The design satisfies the requirements of the remote control operation of the wire control chassis in the aluminum profile factory and the design of the unmanned interface, and satisfies the functions of carrying and conveying the aluminum profile goods. The drive-by-wire chassis system comprises a dispatching system, a steering driving system, a frame, a battery pack, a VCU, an anti-collision touch edge, a remote controller, a car lamp, a skin and a top-loading sensor interface part.
The weight of the load above the drive-by-wire chassis is rated to 3T, the chassis main body adopts front and rear axle type layout, rear wheels are driven, and front wheels are turned. The wire control chassis abandons the traditional suspension structure, adopts a hinged rear axle to fill the defects caused by no suspension, simultaneously meets the function of material butt joint, and avoids the large height difference caused by weight change of the vehicle body.

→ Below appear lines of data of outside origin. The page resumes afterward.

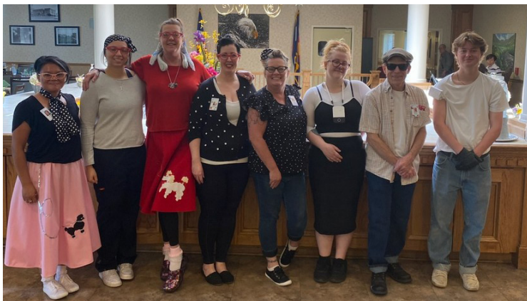
50s dress up day.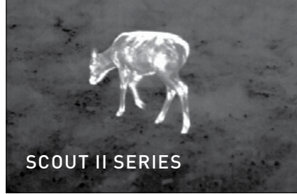
SCOUT II SERIES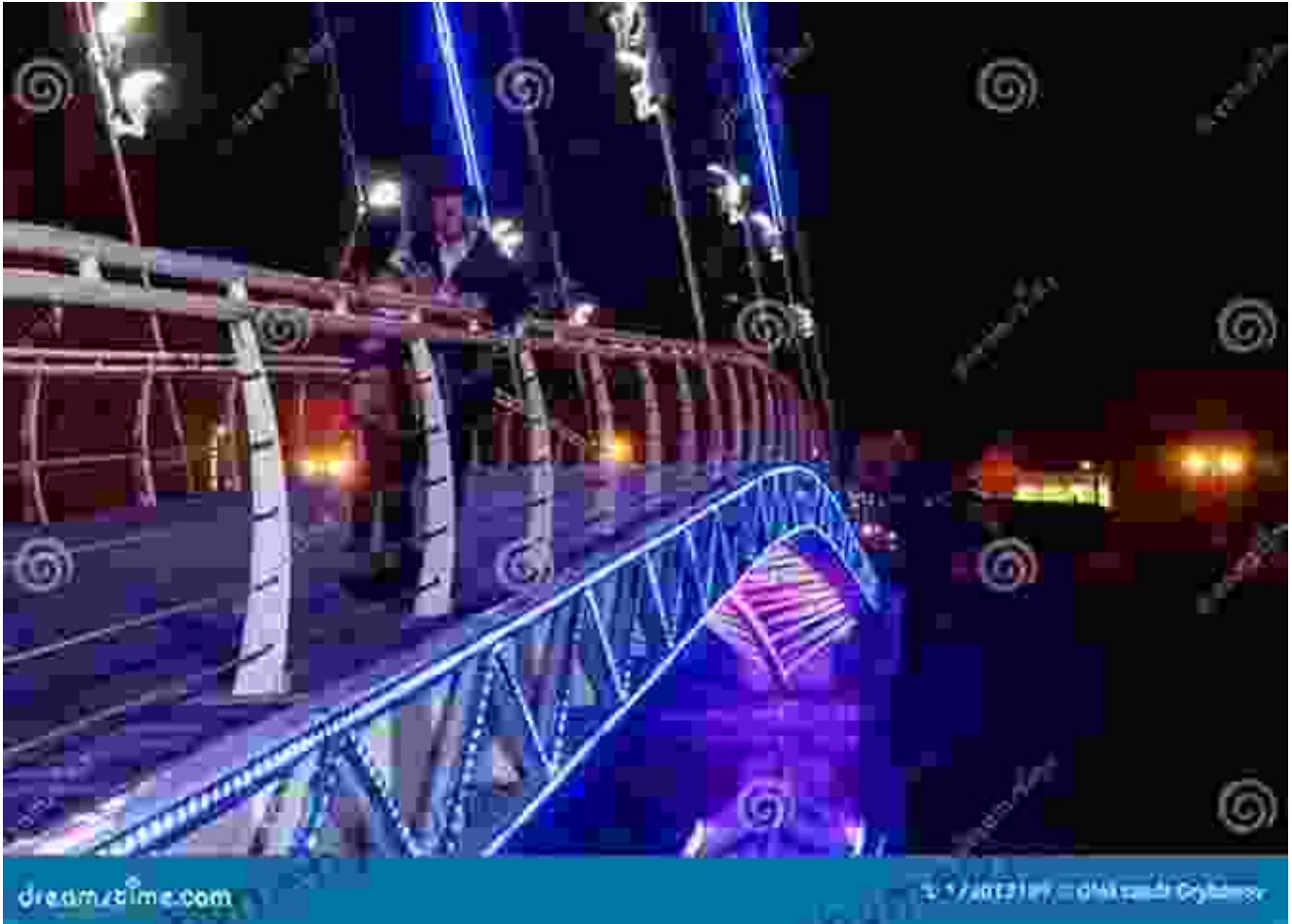
Image Alt: A couple engaged in a deep conversation while walking on a bridge overlooking a river and city skyline.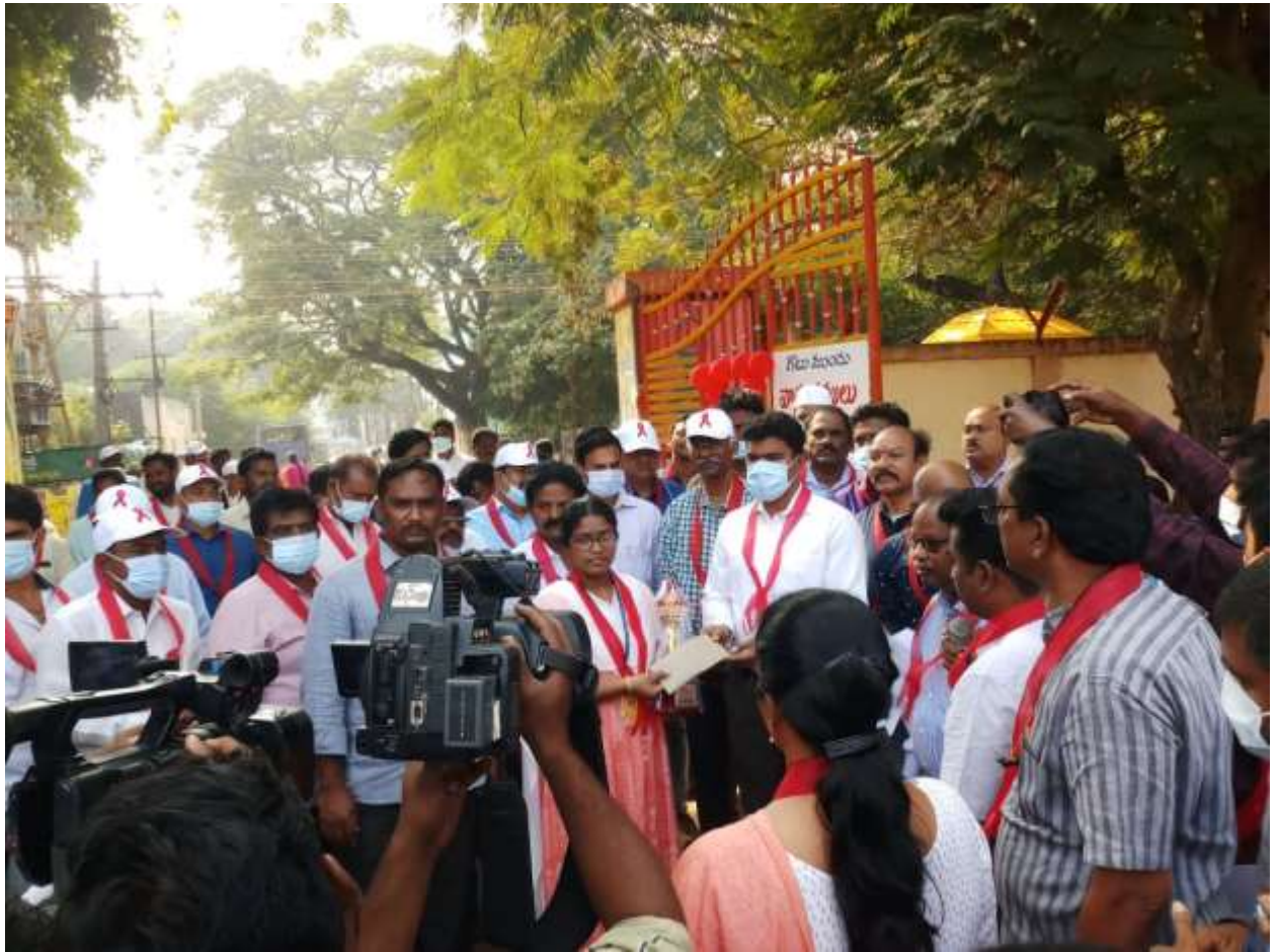
Joint Collector conducted Press Meet at Indoor Stadium Out gate in Eluru.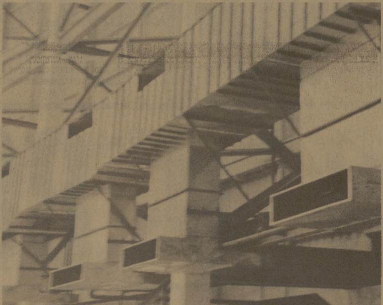
DUCTS RING SPECTATOR AREA ... unit produces 6,000 tons of cooling capacity.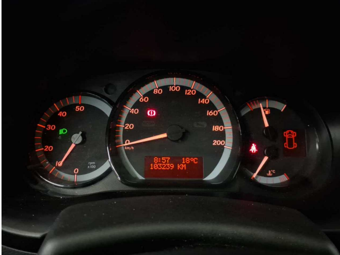
Figure 7: Instrument cluster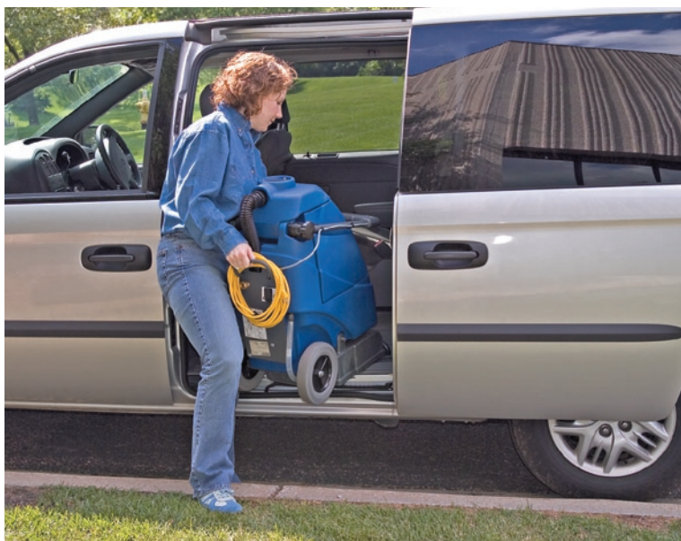
Hand grips and compact folding simplify easy lifting and transport.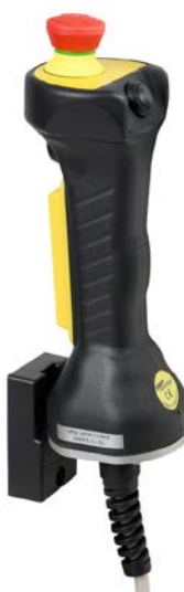
ZEUS11-131430 resting in the ZEUS-H glass-fiber reinforced mounting bracket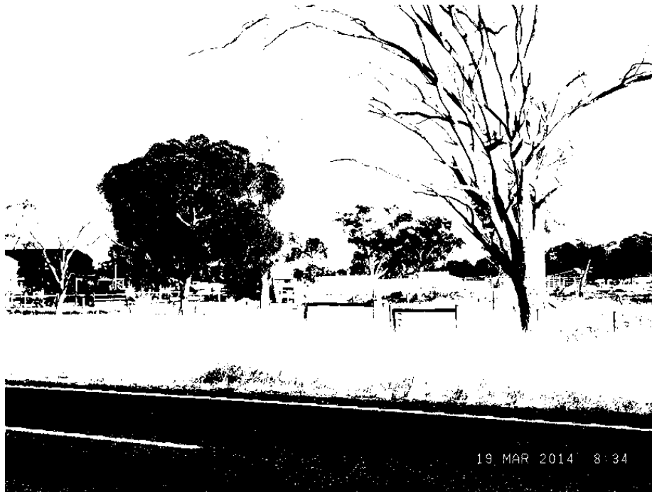
View of land and pools

The Photos below show the existing site: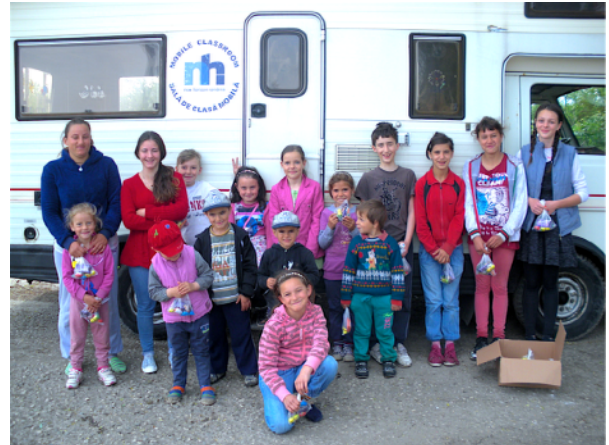
Our program helps to keep a group of over 80 children in school so that they have a real chance at a better future!

In most of Romania, if a child is not at grade level, there is no option for them but to drop out and take their chances without an education. This means service jobs at the lowest pay-scale which are not enough to live on.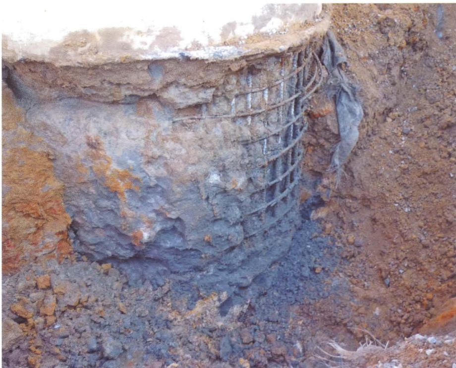
Partially exposed shaft without wheel spacers shows improper concrete coverage.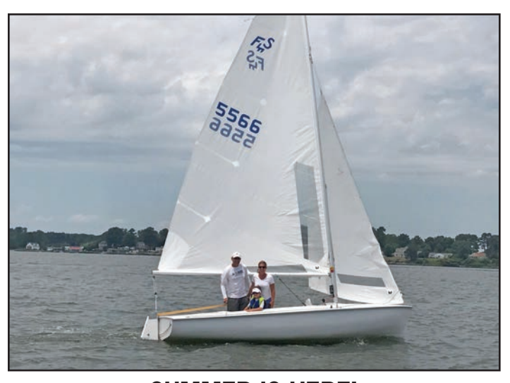
SUMMER IS HERE!

Summer is now in full swing and the Club is certainly a hive of activity! Our Open House Regatta over Memorial Day Weekend was another great success, even though we were unable to complete the sunflower raft-up. Thanks to Bev Crump for being the master of the raft-up and once again to Team Cahill and their volunteers for putting on a great party!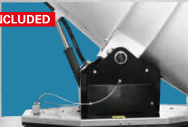
R.O.T. SYSTEM Electric Tilting System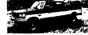
460 4 DOOR 96 FORD F250 XLT 4 Wheel Drive, Perfect, Only 11,000 Miles, 460 V8, Auto, A/C, Loaded XLT, Aluminum Wheels, Factory Tow Pkg., A Must See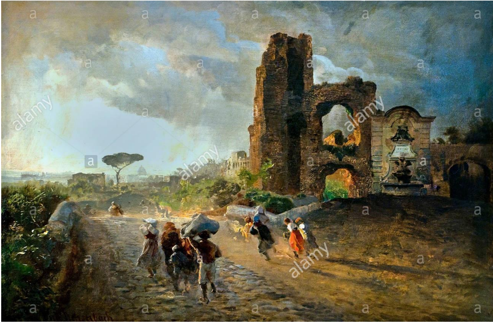
Oswald Achenbach, Porta furba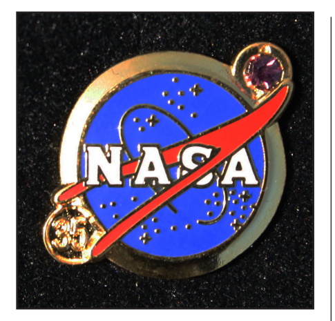
35 Year Pin - Purple Stone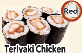
Teriyaki Chicken Thin Roll

The mechanical part of the safety protection system adopts a buffer type design convenient to replace, the safety performance and the collision buffer function of the vehicle are guaranteed to the greatest extent, the threat of the vehicle to pedestrians and public objects in the running process is reduced, and meanwhile, the workload of replacement due to damage of the protection device is greatly reduced in a bolt connection mode.
The mounting positions of the sensors are relatively independent, and the sensors are not dismounted as much as possible when the vehicle body is maintained, so that the calibration relation between the sensors and the vehicle body is kept unchanged. Meanwhile, the electric devices installed in the vehicle body, such as a combined inertial navigation receiver, an industrial personal computer and the like, are arranged in the same cabin, and the cabin is convenient to open and maintain
It will be evident to those skilled in the art that the utility model is not limited to the details of the foregoing illustrative embodiments, and that the present utility model may be embodied in other specific forms without departing from the spirit or essential characteristics thereof. The present embodiments are, therefore, to be considered in all respects as illustrative and not restrictive, the scope of the utility model being indicated by the appended claims rather than by the foregoing description, and all changes which come within the meaning and range of equivalency of the claims are therefore intended to be embraced therein. Any reference sign in a claim should not be construed as limiting the claim concerned.